The unfolding political scenario is worrisome. Tension is building up as various political formations criss-cross the country to mobilise for or against the proposed constitutional review. Yet, as we have argued before, the debate should not polarise the country and create the animosity we are witnessing.
If the trend continues, things will worsen when the country gets into a proper election mode next year. The elections may be acrimonious and cause anarchy. Recently, chaos broke out in Baringo County as Members of the County Assembly debated the BBI Bill. Days earlier, MPs fought in public in Kisii.
The country has gone through horrible experiences in the past and similar situations should never recur. The violence, deaths and dispossession that followed the 2007/2008 elections were traumatic. Having gone through that harrowing experience, the country learnt the hard way.
Paradoxically, the division is centred around the Building Bridges Initiative (BBI), whose objective was to create harmony and end the perennial and cyclic election violence.
The problem with BBI is that it is tied to the presidential transition due next year.

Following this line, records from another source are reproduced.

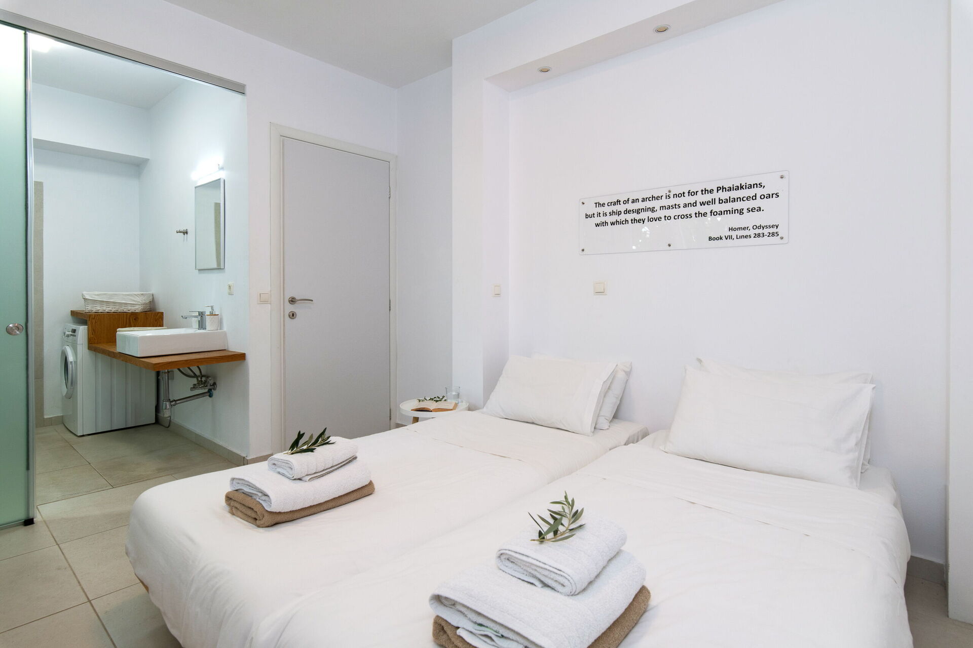 The location is very important to us - off the beaten track, space, view, amazing sunsets ... Neighborhood in villas is a roulette - it was ok with us. No one bothered anyone. The fact is that the villas are poorly separated and lack privacy. It needs to be regulated by vegetation. Very important information - here you must have a car. There is no access to the beach and nearby tavernas on foot - unless you are walking on the highway where there is a lot of traffic. Nobody does. There is a mini market 400 m away but it is worth going shopping to Nicos Food Market - 6 km. They have everything there. Delectable owner. In general, everywhere we came across very empathic Greeks - in restaurants, shops, on the street ... everyone speaks communicative English. Our manager Rania in Vila Arete very helpful, competent, discreet. There are beautiful beaches in the nearby distances, but always a lot of people, no parking spaces, they are mostly rocky, without sunbeds and umbrellas or with sunbeds and very loud music. We found an ideal beach for children, beaches nearby - 1.3 km Kalamaki Beach - wide sandy beach with sunbeds and umbrellas - 10€ for 1 umbrella and 2 sunbeds for the whole day, gentle shore with warm azure water, on the beach Taverna Dimakos worth recommending.
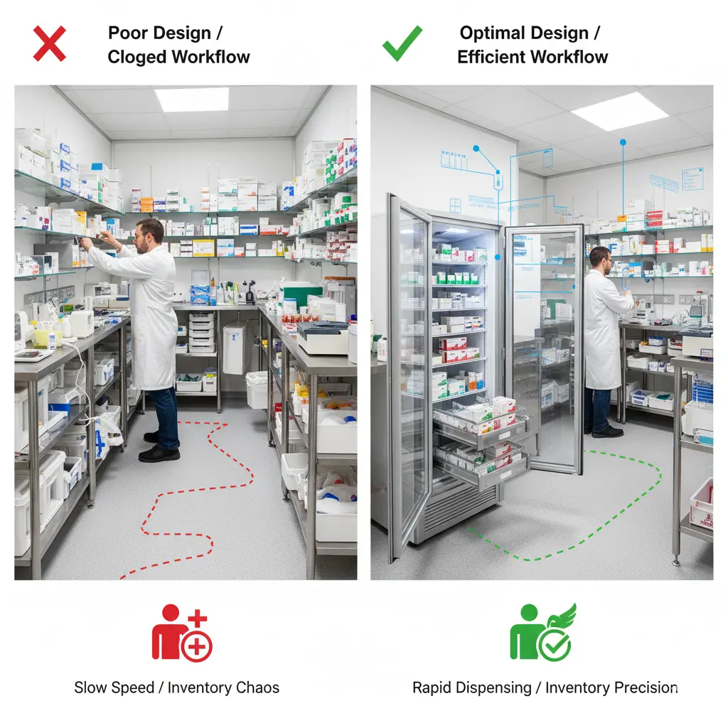 좁은 조제실 공간에서 조제 속도와 재고 관리 효율을 동시에 높이려면 어떤 설계를 고려해야 하나요?
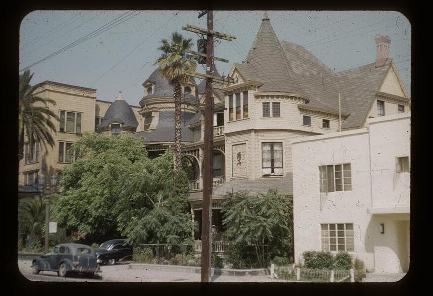 This collection consists of 35mm Kodachrome slides taken between 1954 and 1972. This collection of photographs taken by amateur photographer Palmer Conner documents by street the physical and social changes of Bunker Hill during the earliest stages of redevelopment. The collection is particularly strong in its depiction of the Bunker Hill neighborhood of downtown Los Angeles during redevelopment in the 1950s. Images chiefly consist of views of commercial and residential building exteriors taken from the street, including images of both new construction and older buildings in the process of being demolished.
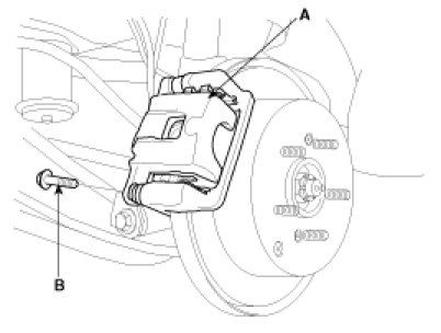 2. Remove the guide rod bolt(B), After raising the caliper assembly(A), support it with a wire.
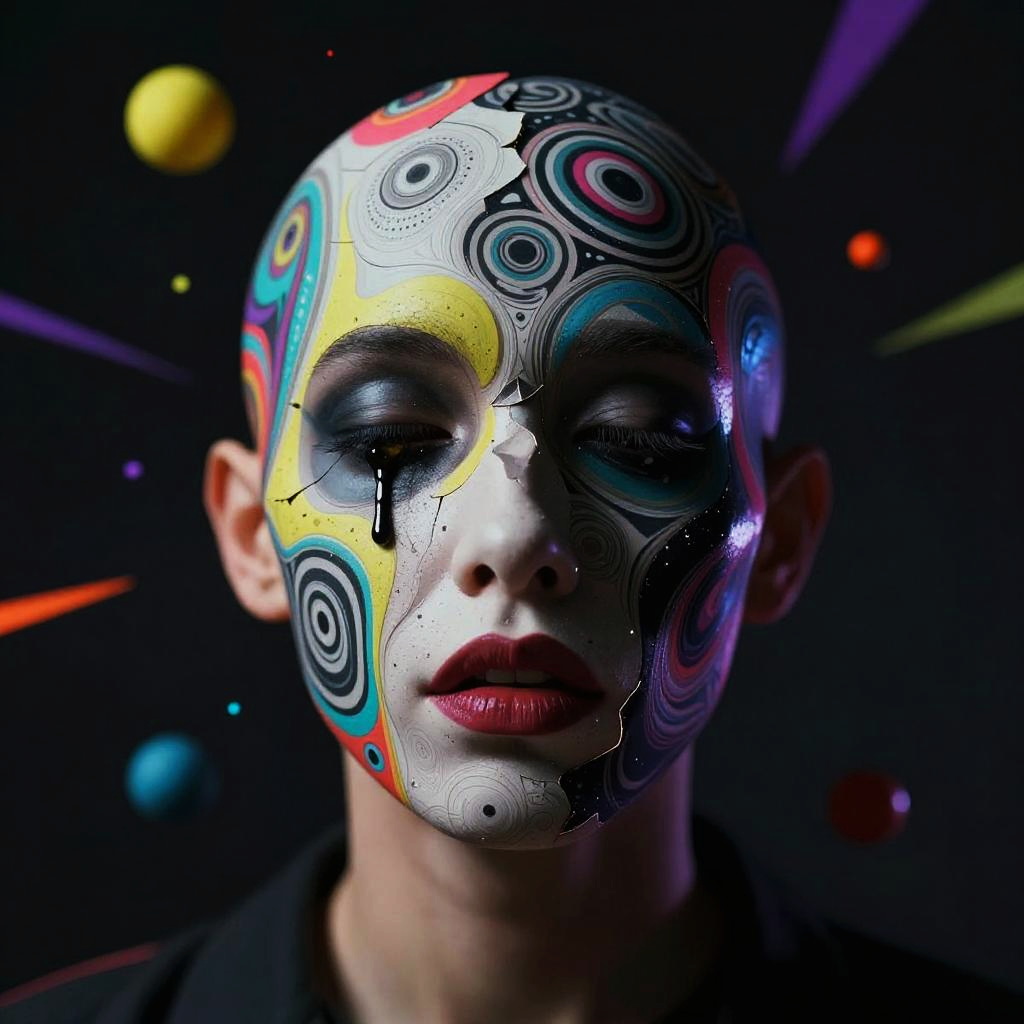 Psicotico scene depicting a fragmented mind, abstract shapes and swirling patterns, bright neon colors mixed with deep blacks, a feeling of mental turmoil and instability, cinematic composition, dynamic lighting effects.
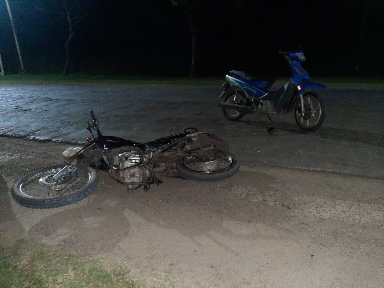 Desde la Departamental La Paz de Policía se informó que alrededor de las 20.30, por causas que se tratan de establecer, "se produjo la colisión de frente entre dos motocicletas, una Corven Energy 110, conducida por una joven de 15 años con domicilio en Barrio 120 Viviendas, y una moto Corven Triax 150 conducida por un hombre de unos 43 años con domicilio en Colonia Oficial N° 12".
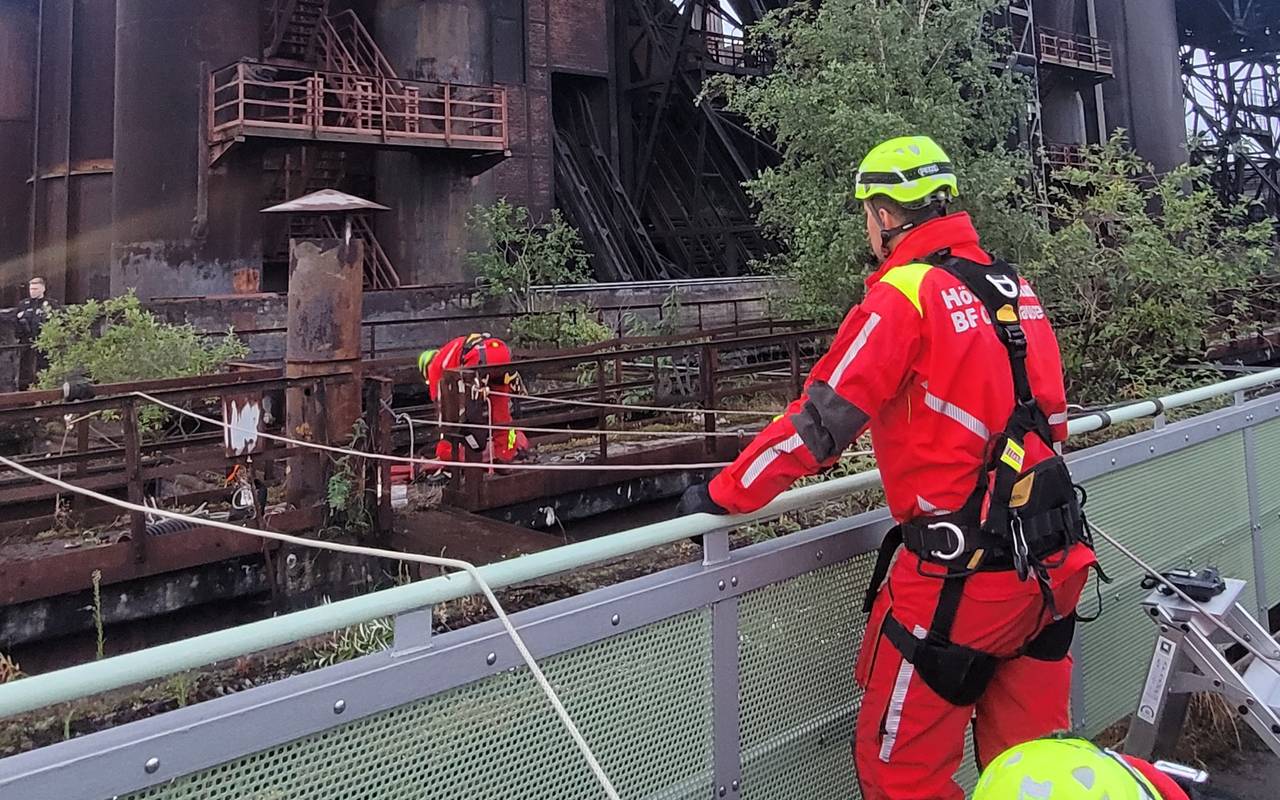 Die Oberhausener Feuerwehr hat heute am frühen Morgen (1.7.) bei einem schwierigen Einsatz in Duisburg geholfen. Die Spezialisten der Höhenrettung haben eine Person aus einem alten Kohlebunker im Landschaftspark Nord befreit.

It has raised the stakes and brought out the worst in our political scene.
In the mix of this is internal rivalry within the ruling Jubilee coalition, which is split down the middle with rival camps revolving around President Uhuru Kenyatta and his deputy, Dr William Ruto. This has created paralysis in government — a big blow to the Jubilee administration, which can no longer deliver on its election promises.
We ask the political leaders to cool down the temperatures. The country should go through the BBI debate peacefully. Difference in opinion does not mean physical combat and rivalry. Government agencies, including the police, must also act professionally and avoid partisan actions.